08 Reading (For Week 9)
Required
Murphie, Andrew, and John Potts. Culture and Technology. New York: Palgrave Macmillan, 2003. Print. This is the introduction from this book. Short, very general but lays out some important general ideas and terms. (PDF)
Galloway, Alexander R. Protocol: How Control Exists after Decentralization. The MIT Press, 2006. Print. (PDF). This could be experienced as dense. It is great work that combines critical theory, technology studies, technological understanding (Galloway knows how to do things with code and computers, as opposed to knowing how to do things on computers) to think about the significance of ‘protocol’ as a social and technological requirement online. I’ve set this reading because it brings together technical and philosophical understanding very well, as well as making some interesting points about something that is specific to the internet as a sociotechnical thing.
Optional
Murphie, Andrew, and John Potts. Culture and Technology. New York: Palgrave Macmillan, 2003. Print. “Theoretical Frameworks” (PDF)

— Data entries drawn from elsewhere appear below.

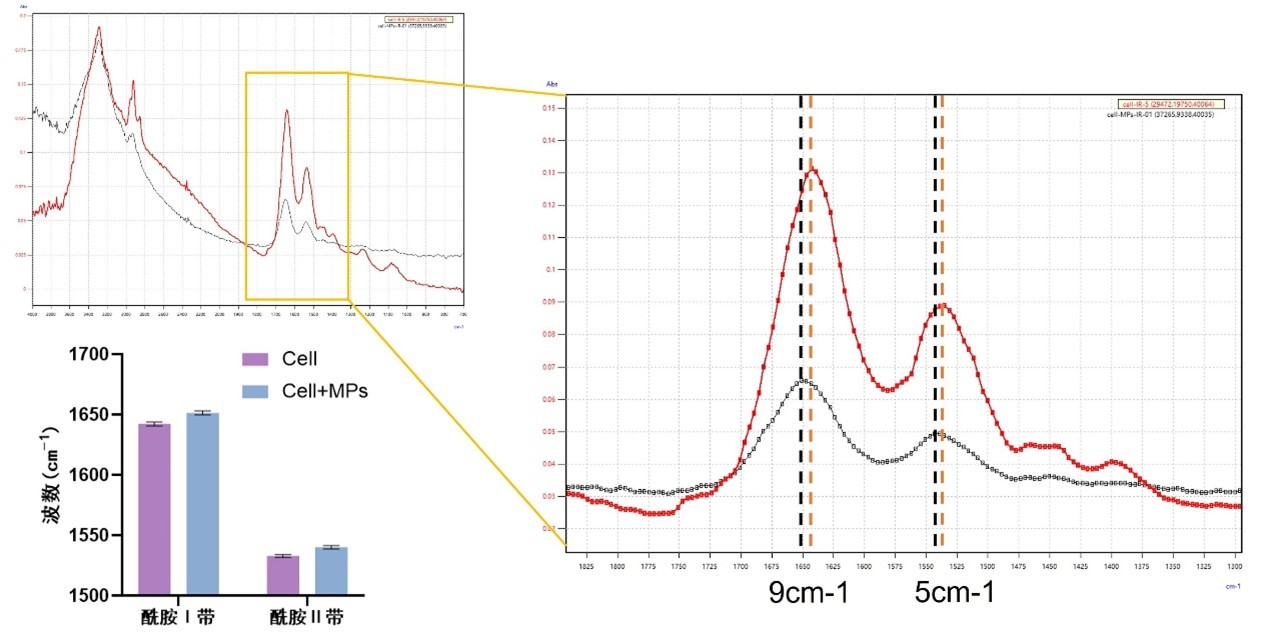 圖3 使用顯微紅外光譜表征單個巨噬細(xì)胞蛋白與微納塑料的相互作用
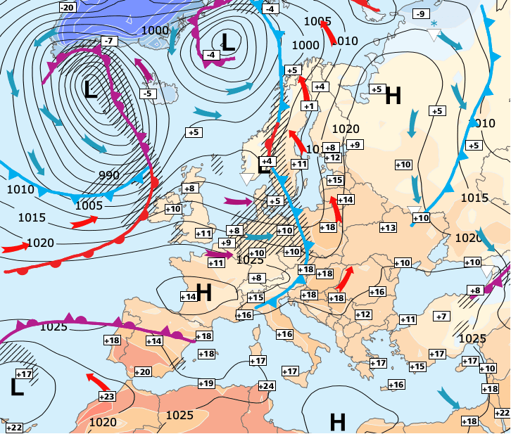 + L’air beaucoup plus froid venu du nord gagnera du terrain par la suite, et le week-end pascal devrait être très frais souvent nuageux et humide...
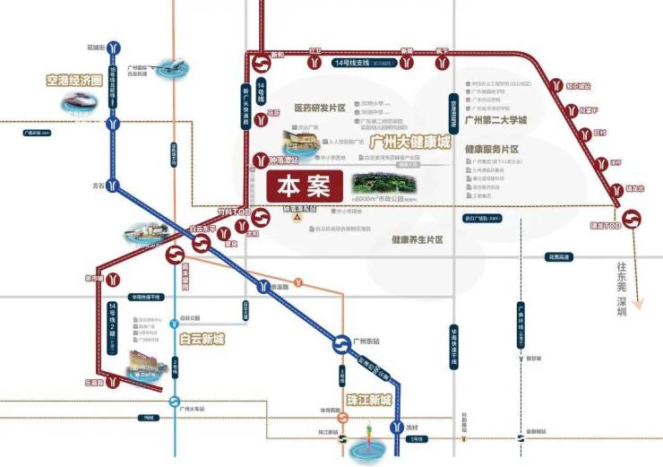 旭辉·绿地·铂云天境位于地铁14号线钟落潭站附近,因此通过地铁可无缝对接城区各大板块乃至湾区各城市群,比如1站至竹料站,换乘新白广城轨1站至白云机场。
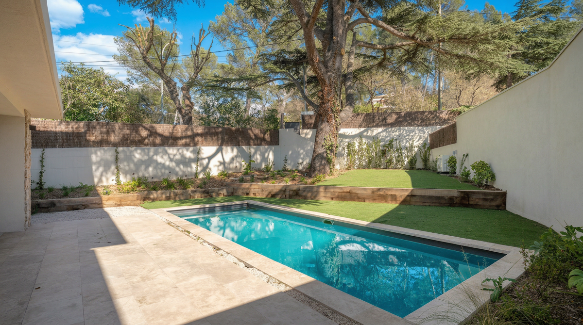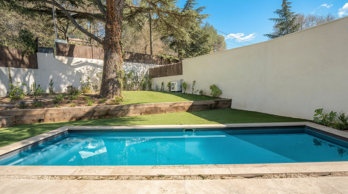La propriété s’étend sur 500 m² et bénéficie d’un jardin paysager avec piscine chauffée de 9m x 3m, idéale pour les moments de détente ou les baignades en famille. Une terrasse en bois complète l’espace extérieur, parfait pour les repas en extérieur ou les soirées estivales. L’arrosage automatique et l’éclairage paysager ajoutent une touche de modernité et de praticité.
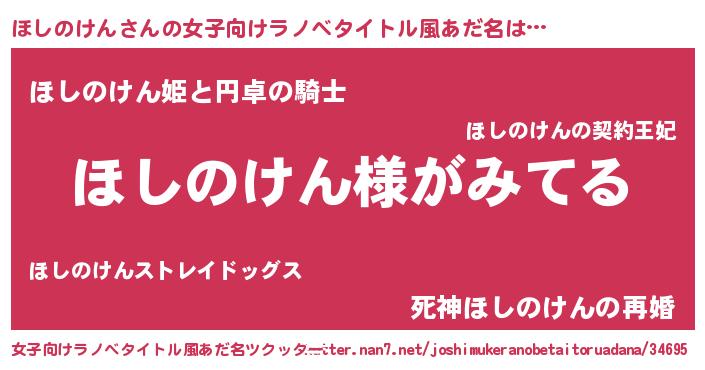 | 男性向けラノベタイトル風あだ名 | 『ほしのけんの嫁は女の子じゃないと思った?』 |
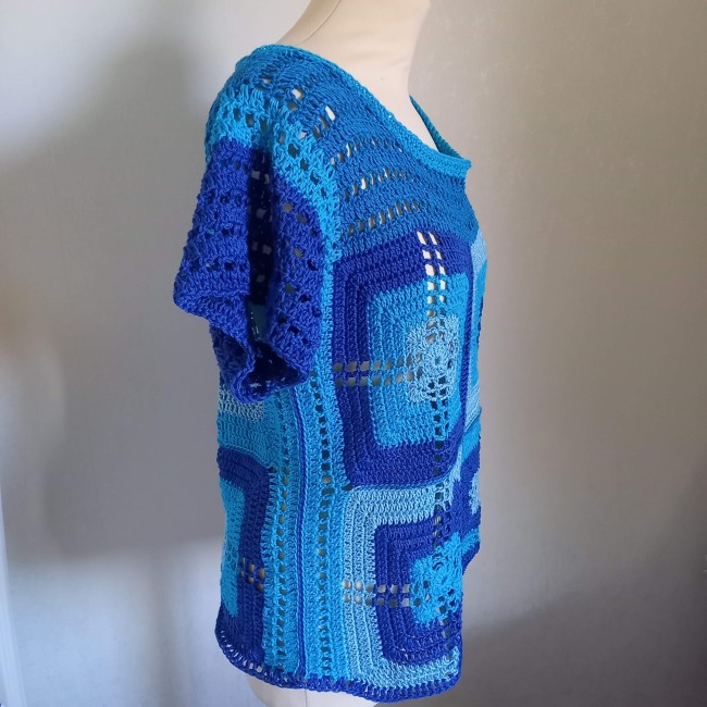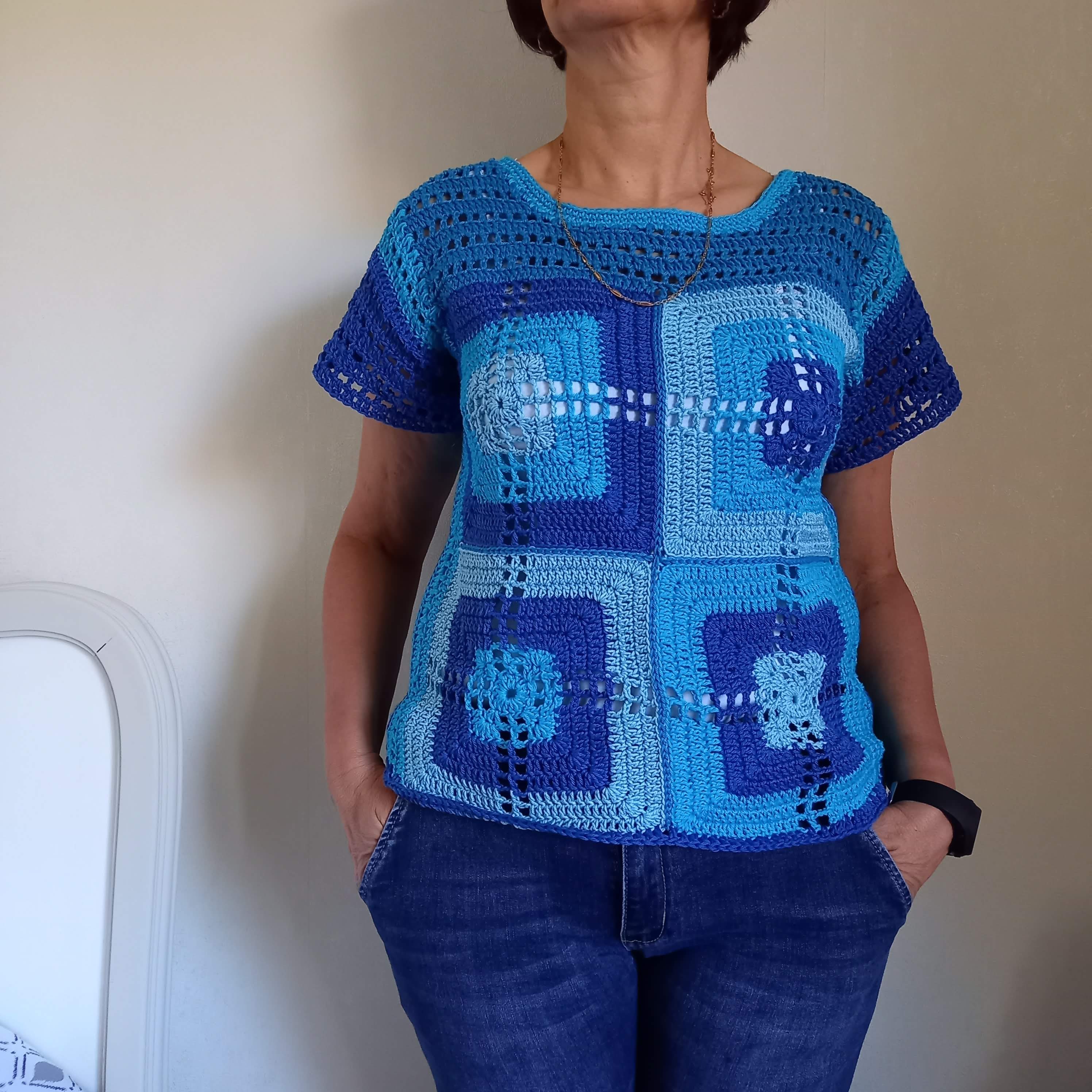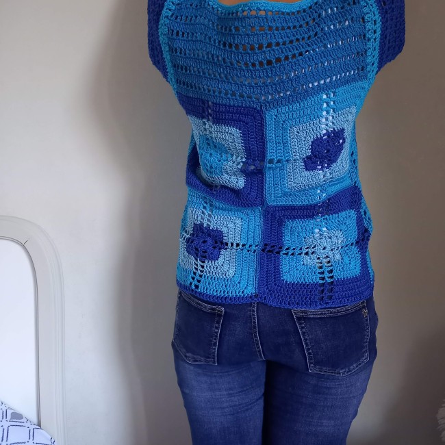 Super rendu pour se débardeur femme fait en granny square au crochet en fil coton dans différents tons de bleu .
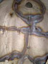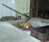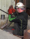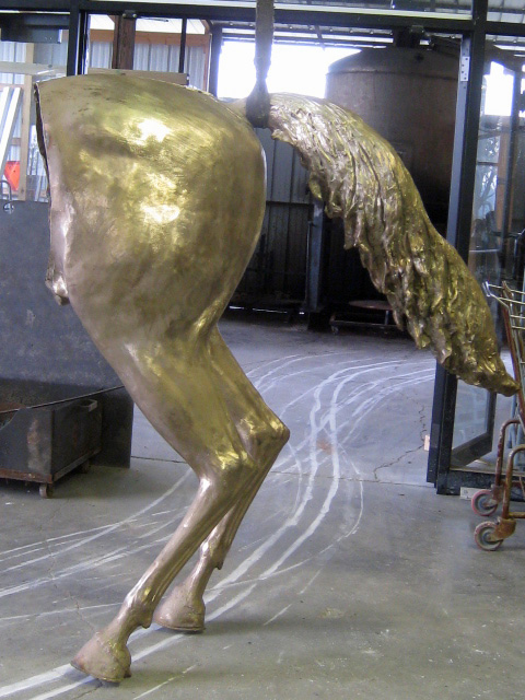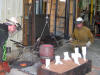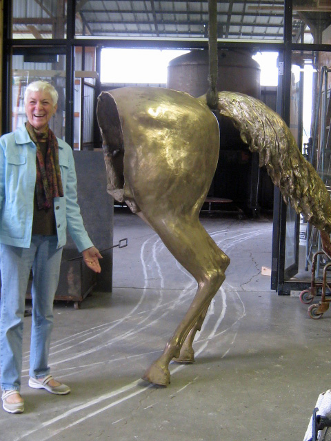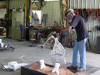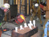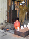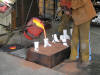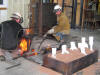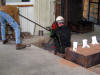 After four months of work, Alan Cottrill's clay statue is cast into bronze. The process is not a quick job but slowly worked on a little piece at a time. The larger than life equestrian statue is carefully reduced to hundreds of small pieces which will each be cast then welded together to form the statue which will stand on Sunbury Village Square. We saw 5 pieces cast using 300 pounds of bronze. | ||||||
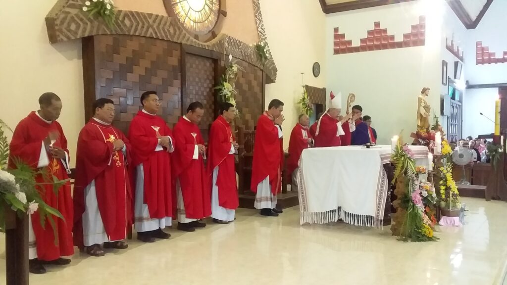 Thánh lễ do Đức Cha Aloisiô Nguyễn Hùng Vị – Giám mục giáo phận Kon Tum chủ tế; cha Tổng đại diện Giuse Đỗ Hiệu và một số quý cha trong giáo phận đồng tế. Đặc biệt có sự hiện diện của cha chính xứ đương nhiệm Gioakim Nguyễn Hữu Tuyến và 2 cha nguyên chính xứ: Phaolô Nguyễn Đức Hữu và Gioan Nguyễn Đức Trường.
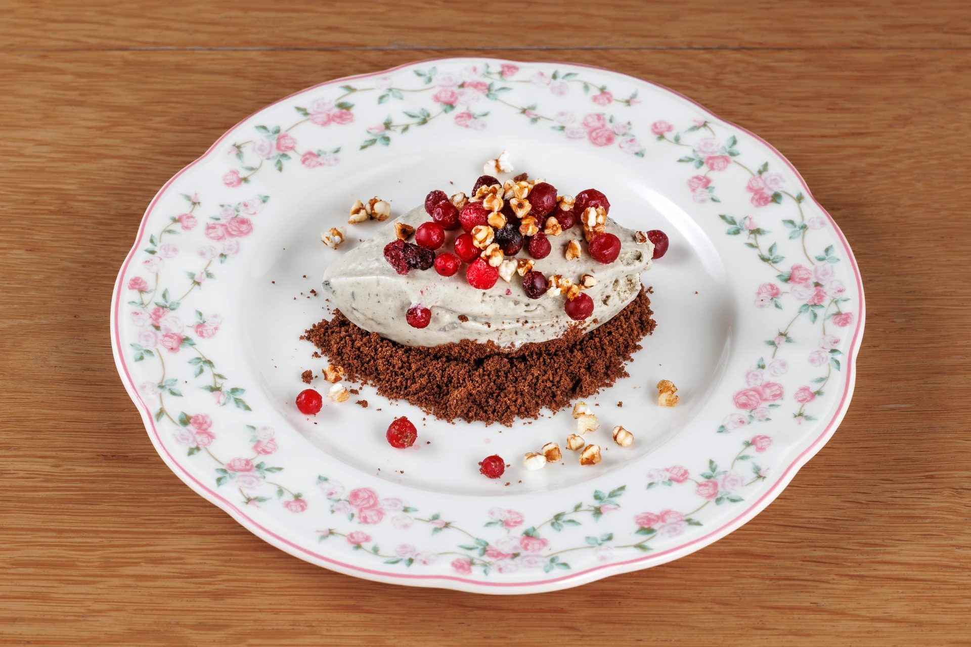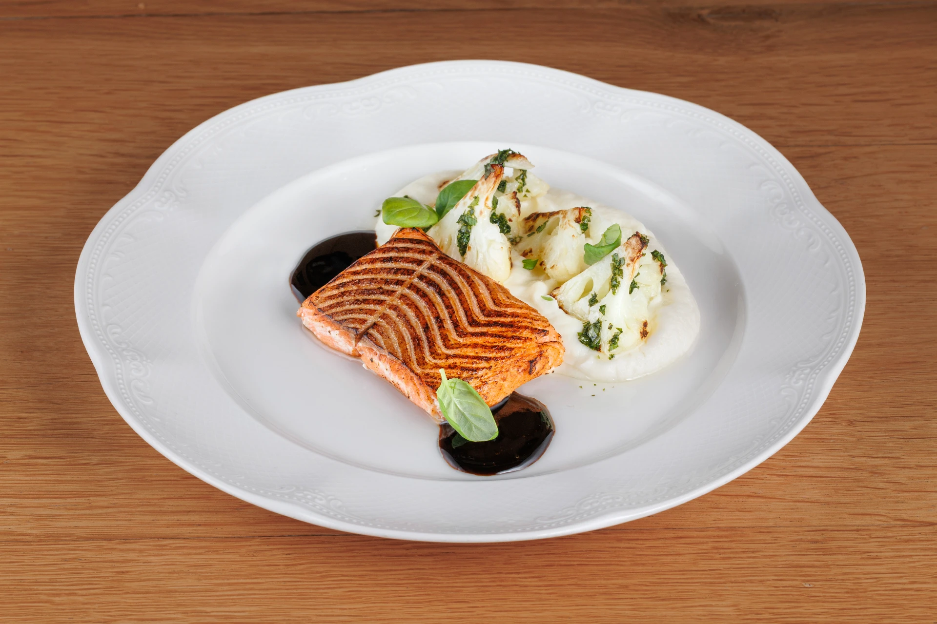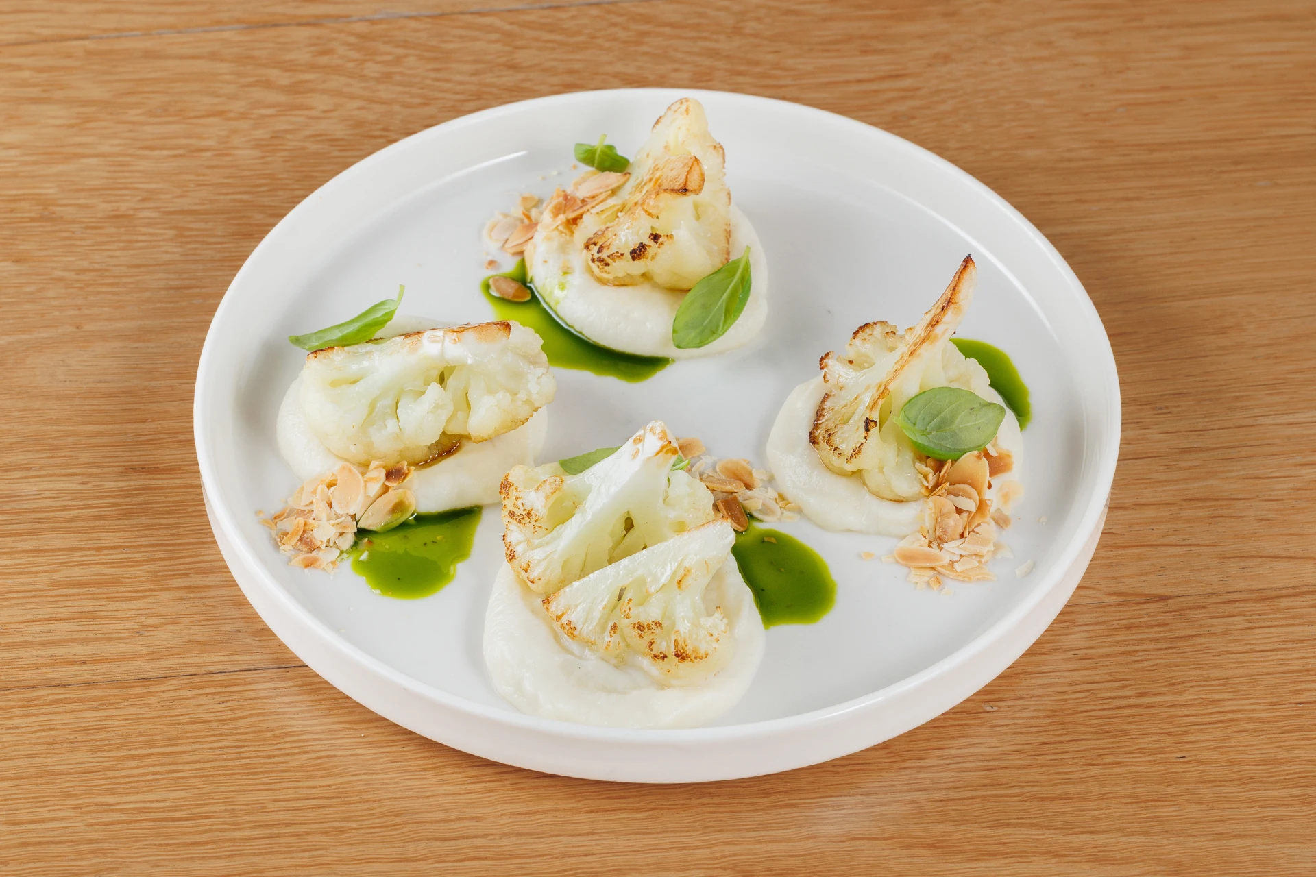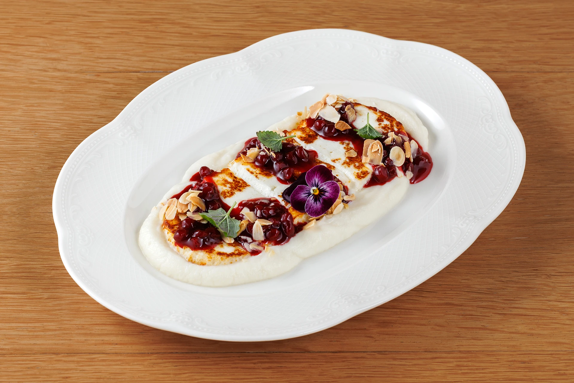 Жареный адыгейский сыр с кремом из цветной капусты и кофейно-брусничным соусом

This is the first chapter which is a survey come overview of key theories to think about culture and technology and their relation. This covers a lot of material. Some of you will enjoy it for its range and the theorists and ideas it introduces, others will pick up bits and pieces and others perhaps a bit lost. This is straightforward writing (this book was a set text for this subject in 2006 or 2007) that I enjoy as it covers a lot of ideas, contextualising them very well in the process.